*Instructions for the task*:
Reproduce, exactly and in full, the lines from the one with "The document describes" through the one with "रक्तदान शिबिर दिनांक" in the data below; drop pictures.
START Dataset records
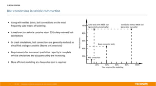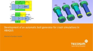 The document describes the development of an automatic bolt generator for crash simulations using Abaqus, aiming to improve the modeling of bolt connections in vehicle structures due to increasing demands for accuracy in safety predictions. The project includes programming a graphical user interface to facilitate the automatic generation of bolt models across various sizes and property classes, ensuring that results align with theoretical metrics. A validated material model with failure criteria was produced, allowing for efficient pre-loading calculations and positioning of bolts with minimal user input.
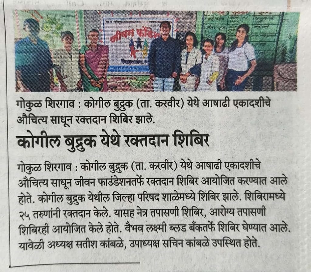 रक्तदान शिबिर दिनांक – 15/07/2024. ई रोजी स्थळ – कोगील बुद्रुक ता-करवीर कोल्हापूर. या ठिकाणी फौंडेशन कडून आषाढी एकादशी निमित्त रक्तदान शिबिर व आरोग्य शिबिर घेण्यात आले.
END Dataset records
START Dataset records
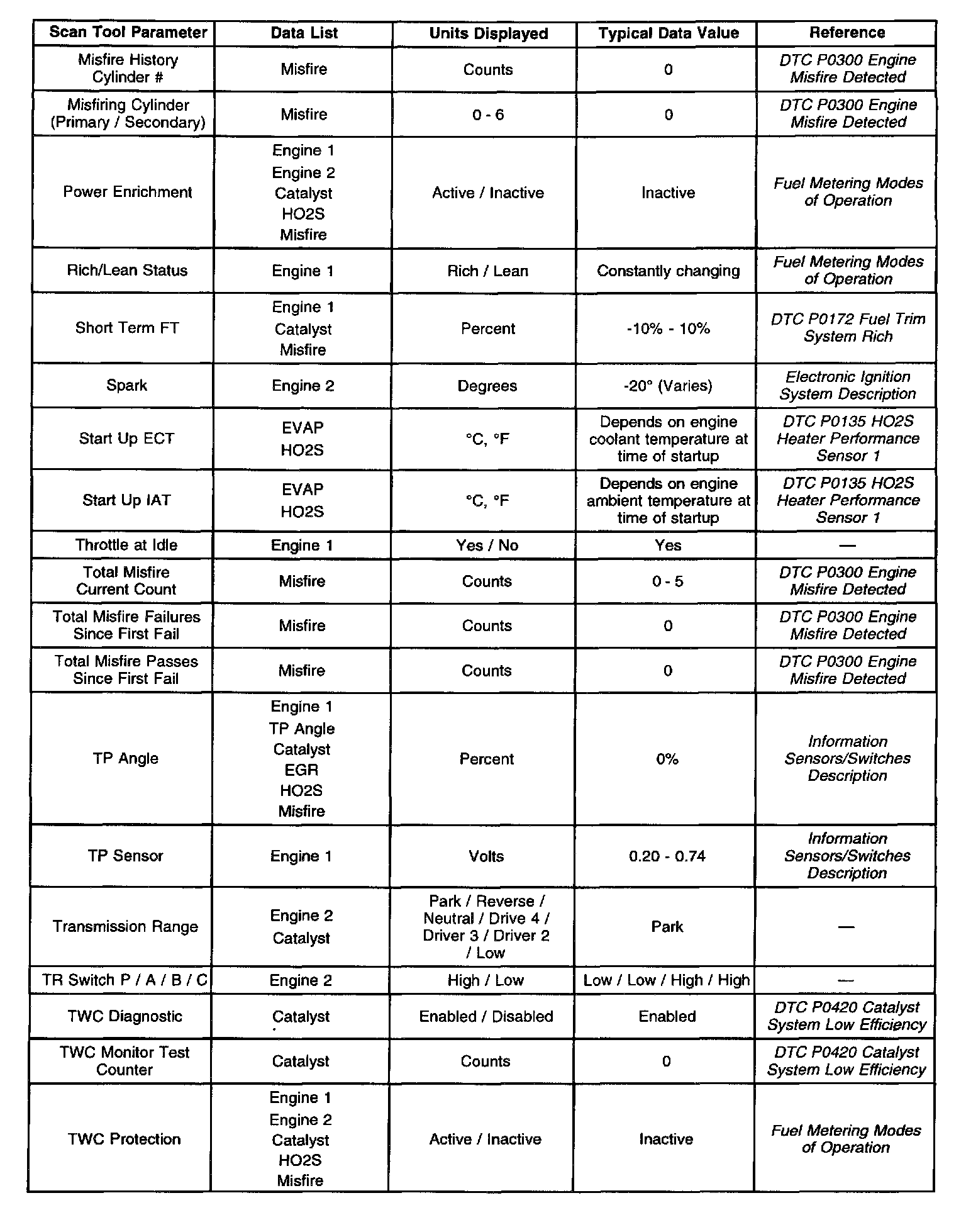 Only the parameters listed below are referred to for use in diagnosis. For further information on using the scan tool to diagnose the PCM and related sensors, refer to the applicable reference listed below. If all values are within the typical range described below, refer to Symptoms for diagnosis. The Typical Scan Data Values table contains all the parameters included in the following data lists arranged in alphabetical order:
END Dataset records
START Dataset records
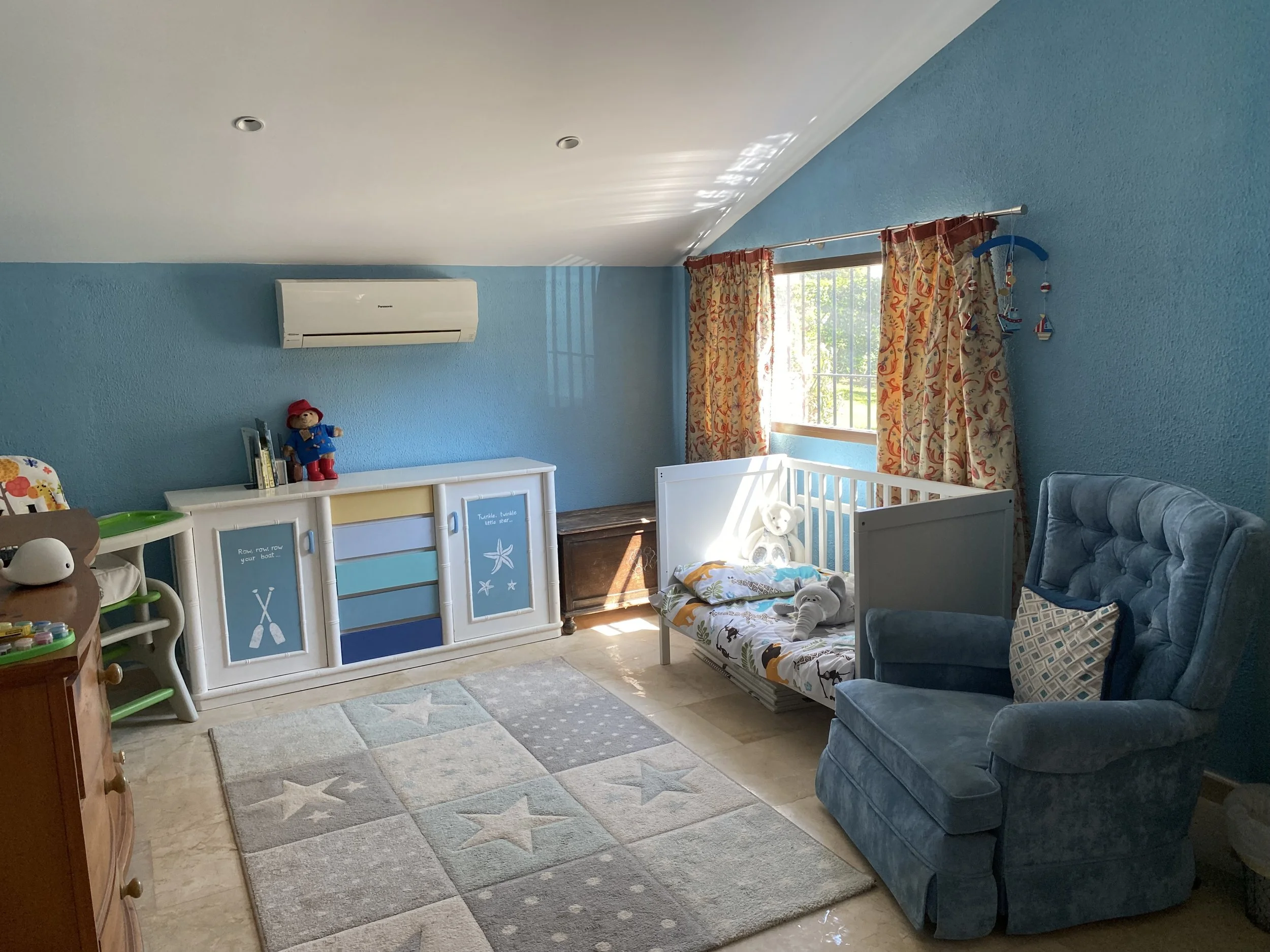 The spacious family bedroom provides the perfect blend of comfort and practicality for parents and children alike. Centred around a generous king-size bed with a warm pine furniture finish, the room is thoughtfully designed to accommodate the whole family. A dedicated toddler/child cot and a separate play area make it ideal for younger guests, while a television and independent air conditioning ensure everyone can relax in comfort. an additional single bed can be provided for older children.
END Dataset records
*Answer below*:
 The document describes the development of an automatic bolt generator for crash simulations using Abaqus, aiming to improve the modeling of bolt connections in vehicle structures due to increasing demands for accuracy in safety predictions. The project includes programming a graphical user interface to facilitate the automatic generation of bolt models across various sizes and property classes, ensuring that results align with theoretical metrics. A validated material model with failure criteria was produced, allowing for efficient pre-loading calculations and positioning of bolts with minimal user input.
 रक्तदान शिबिर दिनांक – 15/07/2024. ई रोजी स्थळ – कोगील बुद्रुक ता-करवीर कोल्हापूर. या ठिकाणी फौंडेशन कडून आषाढी एकादशी निमित्त रक्तदान शिबिर व आरोग्य शिबिर घेण्यात आले.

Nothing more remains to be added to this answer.